# [GIVEN DATA]
*** Begin section ***

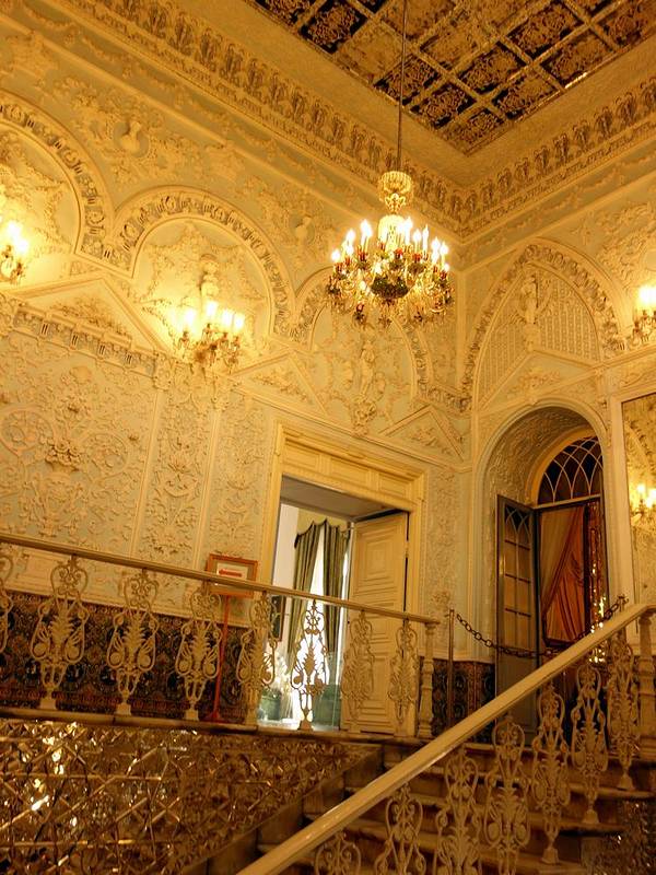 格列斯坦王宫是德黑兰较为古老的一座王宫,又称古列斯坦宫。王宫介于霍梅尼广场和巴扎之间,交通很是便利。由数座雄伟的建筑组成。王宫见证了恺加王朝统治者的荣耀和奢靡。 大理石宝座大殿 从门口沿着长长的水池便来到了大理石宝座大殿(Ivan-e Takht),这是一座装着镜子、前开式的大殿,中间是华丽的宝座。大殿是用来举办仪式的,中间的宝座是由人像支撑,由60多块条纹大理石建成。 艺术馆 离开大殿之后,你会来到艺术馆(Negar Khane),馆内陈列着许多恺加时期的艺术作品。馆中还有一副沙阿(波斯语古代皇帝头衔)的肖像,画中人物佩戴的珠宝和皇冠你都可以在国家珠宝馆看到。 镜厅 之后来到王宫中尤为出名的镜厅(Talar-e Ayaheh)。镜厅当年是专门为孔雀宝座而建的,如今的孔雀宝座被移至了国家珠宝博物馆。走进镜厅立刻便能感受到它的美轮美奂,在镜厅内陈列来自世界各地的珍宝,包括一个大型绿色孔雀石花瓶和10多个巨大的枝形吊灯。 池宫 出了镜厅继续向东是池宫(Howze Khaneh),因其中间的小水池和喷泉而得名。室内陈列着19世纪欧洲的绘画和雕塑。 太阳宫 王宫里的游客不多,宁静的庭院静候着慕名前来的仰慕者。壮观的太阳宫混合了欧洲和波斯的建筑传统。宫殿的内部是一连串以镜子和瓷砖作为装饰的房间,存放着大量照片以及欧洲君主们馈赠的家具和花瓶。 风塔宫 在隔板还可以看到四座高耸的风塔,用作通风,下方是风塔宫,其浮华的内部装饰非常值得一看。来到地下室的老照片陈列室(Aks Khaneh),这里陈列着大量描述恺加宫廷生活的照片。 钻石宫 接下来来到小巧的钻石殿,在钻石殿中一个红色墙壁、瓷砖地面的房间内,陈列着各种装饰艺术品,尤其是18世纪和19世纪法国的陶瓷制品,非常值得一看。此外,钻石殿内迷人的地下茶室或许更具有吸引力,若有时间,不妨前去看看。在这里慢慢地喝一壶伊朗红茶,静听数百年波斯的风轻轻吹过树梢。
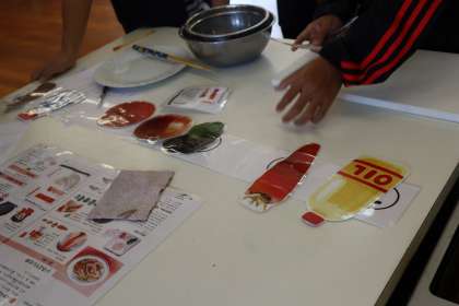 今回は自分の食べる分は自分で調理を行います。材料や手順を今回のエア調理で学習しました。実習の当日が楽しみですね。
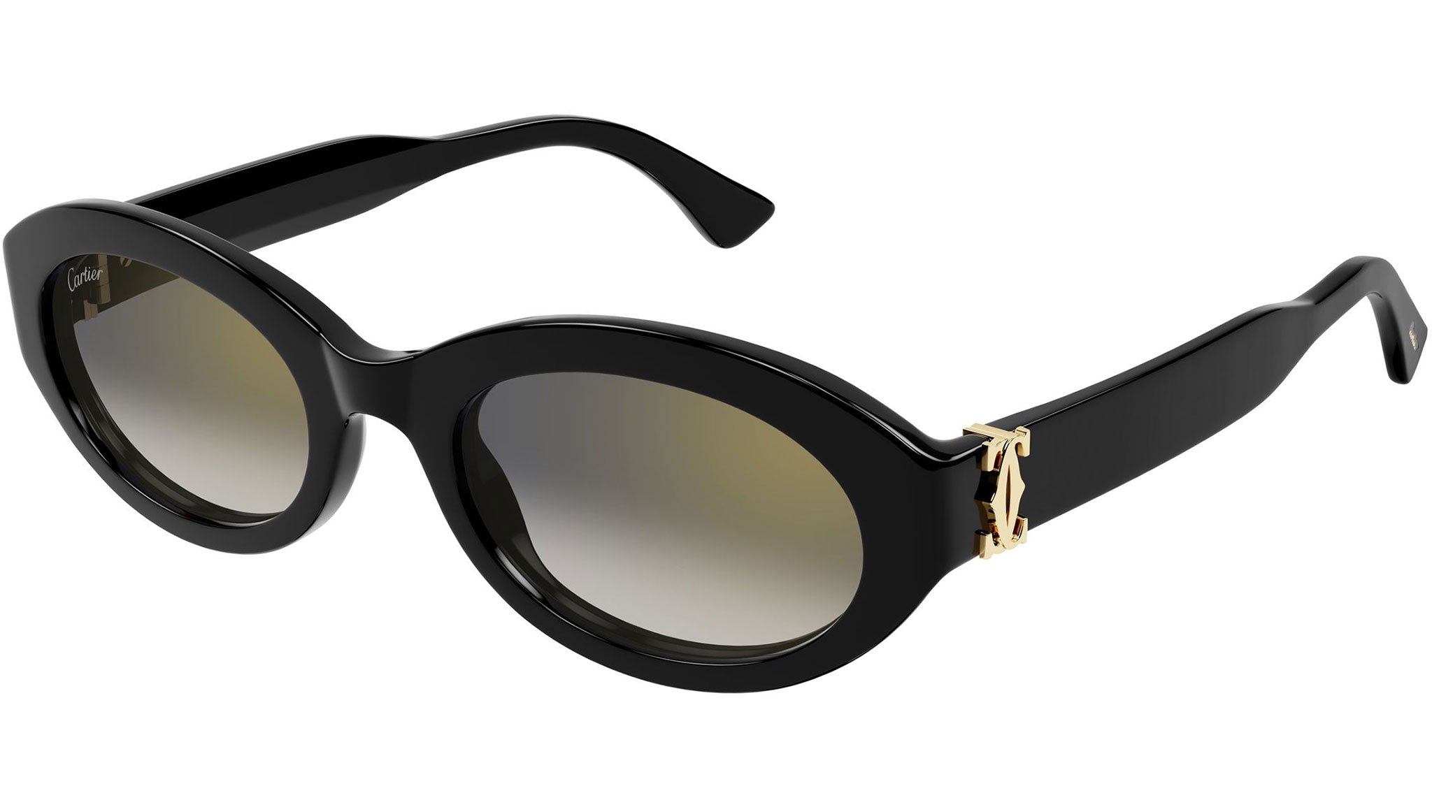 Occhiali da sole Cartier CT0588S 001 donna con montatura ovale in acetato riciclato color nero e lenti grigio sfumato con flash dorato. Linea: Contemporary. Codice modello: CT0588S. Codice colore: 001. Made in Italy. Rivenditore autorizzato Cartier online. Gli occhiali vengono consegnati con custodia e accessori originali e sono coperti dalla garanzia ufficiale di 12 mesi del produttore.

*** End section ***
*** Begin section ***

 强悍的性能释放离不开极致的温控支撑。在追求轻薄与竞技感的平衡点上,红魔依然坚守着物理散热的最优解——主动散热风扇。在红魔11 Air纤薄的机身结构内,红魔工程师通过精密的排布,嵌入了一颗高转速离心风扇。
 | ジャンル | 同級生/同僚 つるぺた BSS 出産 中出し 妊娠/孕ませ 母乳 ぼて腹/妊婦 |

*** End section ***

# [TASK TO CARRY OUT]
Copy nothing but the lines above that run from the one with "池宫 出了镜厅继续向东是池宫(Howze Khaneh),因其中间的小水池和喷泉而得名。室内陈列着19世纪欧洲的绘画和雕塑。" to the one with "Occhiali da sole", ends included; pictures stay out.

# [SOLUTION FOR THIS EXERCISE]
 格列斯坦王宫是德黑兰较为古老的一座王宫,又称古列斯坦宫。王宫介于霍梅尼广场和巴扎之间,交通很是便利。由数座雄伟的建筑组成。王宫见证了恺加王朝统治者的荣耀和奢靡。 大理石宝座大殿 从门口沿着长长的水池便来到了大理石宝座大殿(Ivan-e Takht),这是一座装着镜子、前开式的大殿,中间是华丽的宝座。大殿是用来举办仪式的,中间的宝座是由人像支撑,由60多块条纹大理石建成。 艺术馆 离开大殿之后,你会来到艺术馆(Negar Khane),馆内陈列着许多恺加时期的艺术作品。馆中还有一副沙阿(波斯语古代皇帝头衔)的肖像,画中人物佩戴的珠宝和皇冠你都可以在国家珠宝馆看到。 镜厅 之后来到王宫中尤为出名的镜厅(Talar-e Ayaheh)。镜厅当年是专门为孔雀宝座而建的,如今的孔雀宝座被移至了国家珠宝博物馆。走进镜厅立刻便能感受到它的美轮美奂,在镜厅内陈列来自世界各地的珍宝,包括一个大型绿色孔雀石花瓶和10多个巨大的枝形吊灯。 池宫 出了镜厅继续向东是池宫(Howze Khaneh),因其中间的小水池和喷泉而得名。室内陈列着19世纪欧洲的绘画和雕塑。 太阳宫 王宫里的游客不多,宁静的庭院静候着慕名前来的仰慕者。壮观的太阳宫混合了欧洲和波斯的建筑传统。宫殿的内部是一连串以镜子和瓷砖作为装饰的房间,存放着大量照片以及欧洲君主们馈赠的家具和花瓶。 风塔宫 在隔板还可以看到四座高耸的风塔,用作通风,下方是风塔宫,其浮华的内部装饰非常值得一看。来到地下室的老照片陈列室(Aks Khaneh),这里陈列着大量描述恺加宫廷生活的照片。 钻石宫 接下来来到小巧的钻石殿,在钻石殿中一个红色墙壁、瓷砖地面的房间内,陈列着各种装饰艺术品,尤其是18世纪和19世纪法国的陶瓷制品,非常值得一看。此外,钻石殿内迷人的地下茶室或许更具有吸引力,若有时间,不妨前去看看。在这里慢慢地喝一壶伊朗红茶,静听数百年波斯的风轻轻吹过树梢。
 今回は自分の食べる分は自分で調理を行います。材料や手順を今回のエア調理で学習しました。実習の当日が楽しみですね。
 Occhiali da sole Cartier CT0588S 001 donna con montatura ovale in acetato riciclato color nero e lenti grigio sfumato con flash dorato. Linea: Contemporary. Codice modello: CT0588S. Codice colore: 001. Made in Italy. Rivenditore autorizzato Cartier online. Gli occhiali vengono consegnati con custodia e accessori originali e sono coperti dalla garanzia ufficiale di 12 mesi del produttore.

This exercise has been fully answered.